Now, independently prototypes are developed, which use for pumping only electricity and do not need a normal laser systems. Thus, we have the first suitable for practical application examples of such devices.

The threshold of start of radiation of the first prototypes is equal only to 12 amps per square centimeter. Since these are pioneering devices, the researchers hope to improve dramatically this result. Even the best today's lasers (quantum dots lasers), finalization of which required many years of hard work, have the threshold for the start of radiation exactly the same as the very first experimental samples of polariton lasers with electrical pumping.
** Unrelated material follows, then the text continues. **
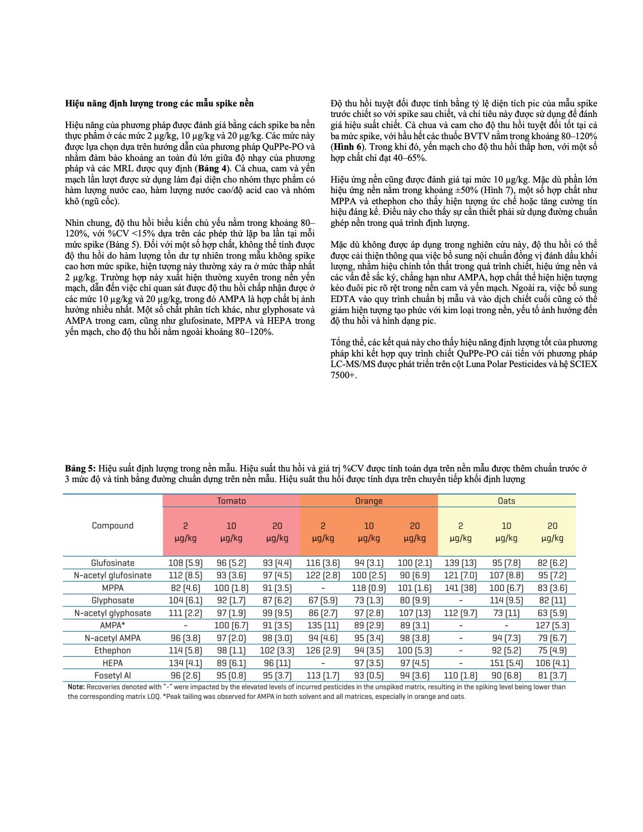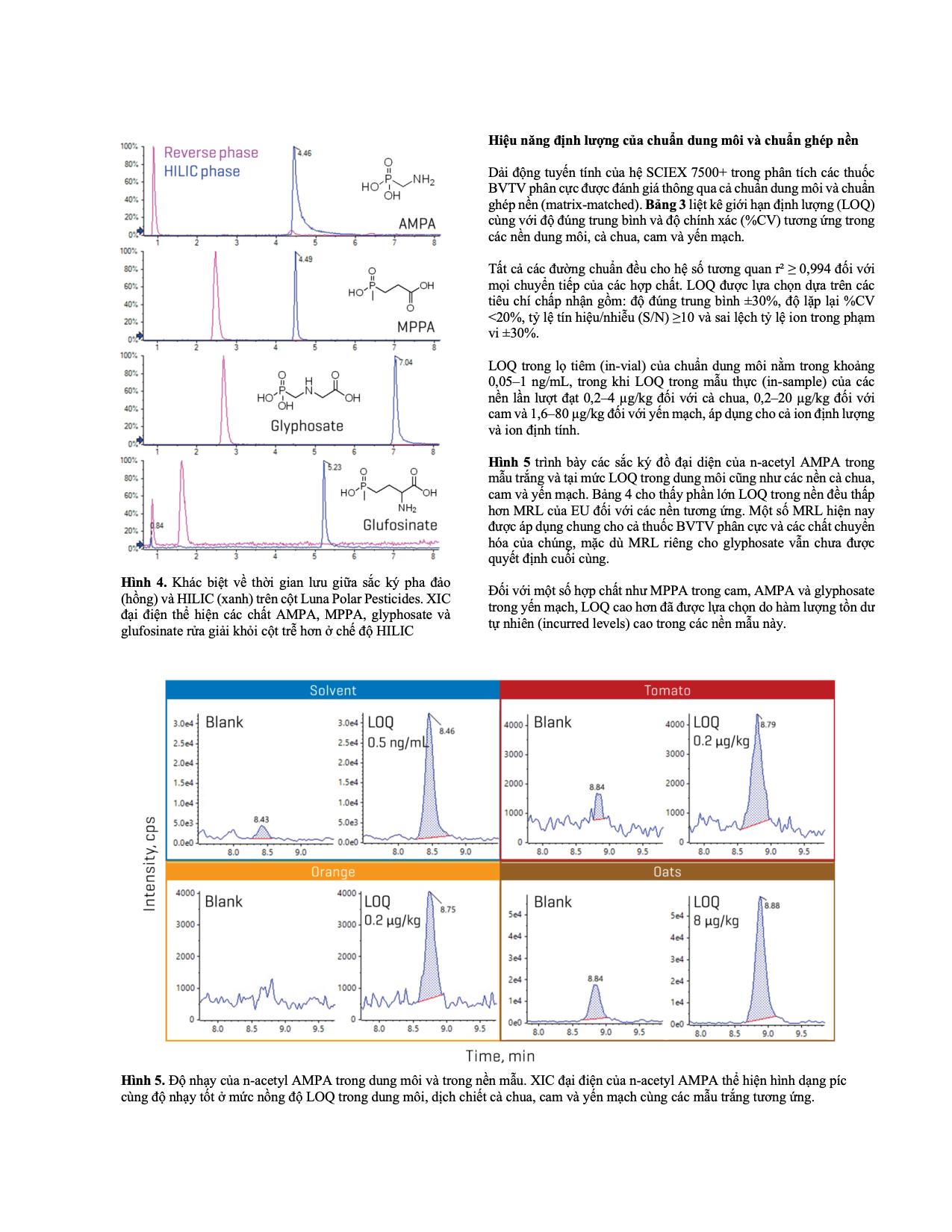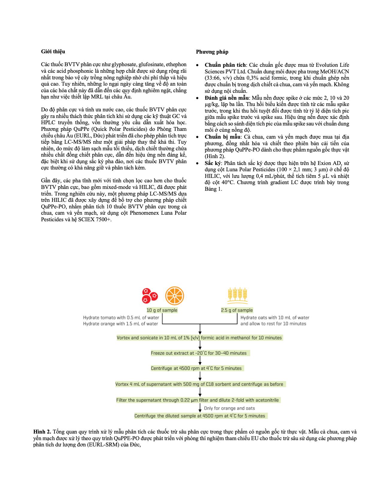 Gần đây, các pha tĩnh mới với tính chọn lọc cao hơn cho thuốc BVTV phân cực, bao gồm mixed-mode và HILIC, đã được phát triển. Trong nghiên cứu này, một phương pháp LC-MS/MS dựa trên HILIC đã được xây dựng để bổ trợ cho phương pháp chiết QuPPe-PO, nhằm phân tích 10 thuốc BVTV phân cực trong cà chua, cam và yến mạch, sử dụng cột Phenomenex Luna Polar Pesticides và hệ SCIEX 7500+.

Another advantage polariton lasers is much faster turning on and off, one cycle which lasts for a total just several picoseconds (quintillion of a second). This means that the signals sent by such devices over a fiber optic line can be sent more frequently than with the standard today’s lasers, and in fact more often than today's electronics can handle efficiently. But as an alternative the signals can be sent with the same speed, but with much less energy costs.

Besides that polariton lasers are able to operate using very perspective terahertz frequencies where current lasers suffer from a lack of compactness. This kind of devices can greatly complement the current X-ray analysis, while being much safer radiologically.

Now the samples for application lack a lot: both developments are based on gallium arsenide and require cooling to -243º C. As a next step, the researchers aim to develop a polariton lasers with electric pumping operating at room temperature, and in principle, there are no theoretical obstacles to this. The analogues with optical pumping already operate in such conditions.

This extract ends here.